[Start of section]

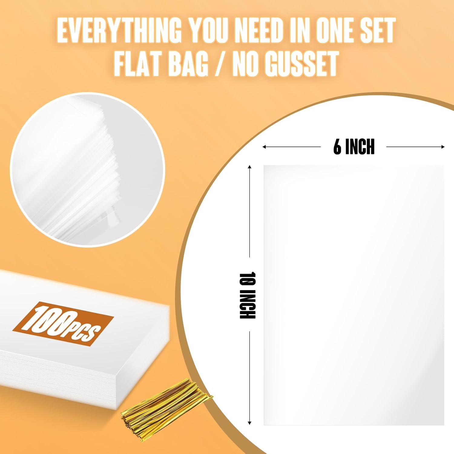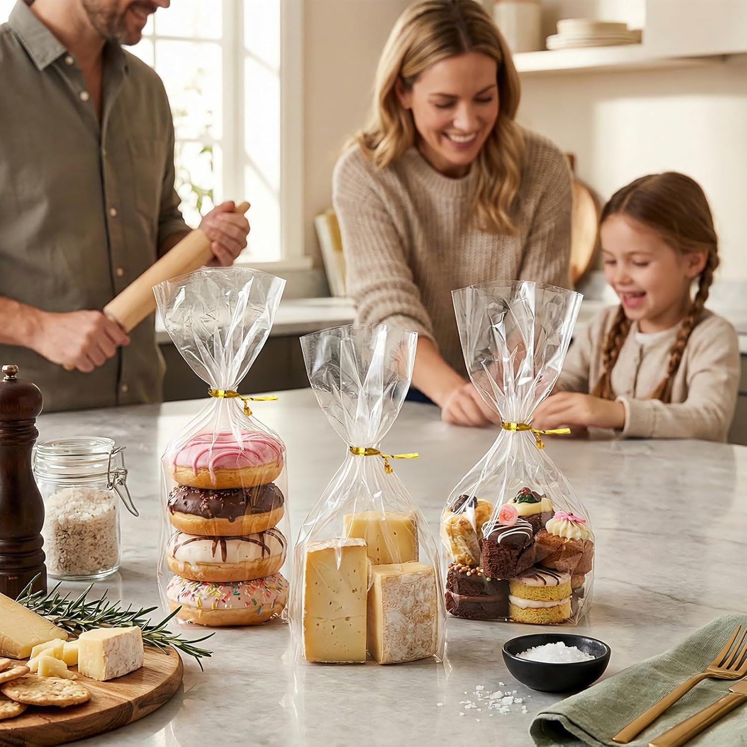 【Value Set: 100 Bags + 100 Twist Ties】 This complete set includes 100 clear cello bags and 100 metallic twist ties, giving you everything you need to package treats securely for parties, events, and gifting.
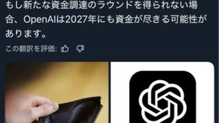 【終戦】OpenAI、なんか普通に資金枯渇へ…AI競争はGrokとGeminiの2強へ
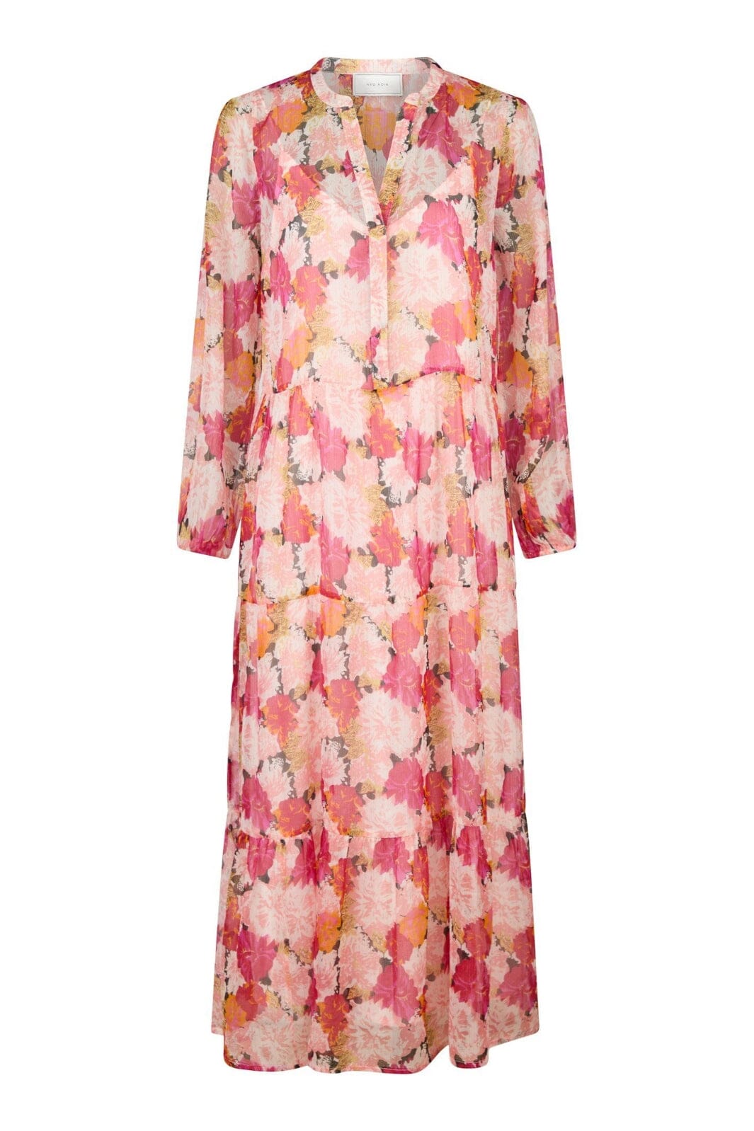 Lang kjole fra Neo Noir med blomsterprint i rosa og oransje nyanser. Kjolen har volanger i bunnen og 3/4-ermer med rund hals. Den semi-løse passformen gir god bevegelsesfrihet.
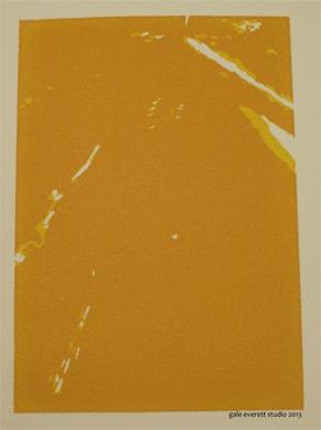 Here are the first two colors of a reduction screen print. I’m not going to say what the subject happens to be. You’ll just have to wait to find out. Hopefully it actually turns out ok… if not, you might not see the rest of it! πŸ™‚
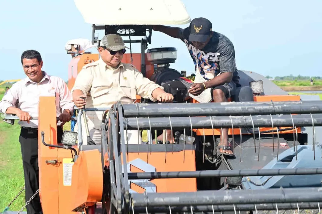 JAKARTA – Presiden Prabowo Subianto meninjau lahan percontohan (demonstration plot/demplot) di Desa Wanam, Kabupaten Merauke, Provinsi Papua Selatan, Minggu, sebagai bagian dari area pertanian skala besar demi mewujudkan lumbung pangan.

[End of section]

§ WORK TASK: Once you find the line containing "Here are the", retype it and every line after it through the last line of the records above, exactly. Add nothing else, and leave out the pictures.

§ THE COMPLETED TASK:
 Here are the first two colors of a reduction screen print. I’m not going to say what the subject happens to be. You’ll just have to wait to find out. Hopefully it actually turns out ok… if not, you might not see the rest of it! πŸ™‚
 JAKARTA – Presiden Prabowo Subianto meninjau lahan percontohan (demonstration plot/demplot) di Desa Wanam, Kabupaten Merauke, Provinsi Papua Selatan, Minggu, sebagai bagian dari area pertanian skala besar demi mewujudkan lumbung pangan.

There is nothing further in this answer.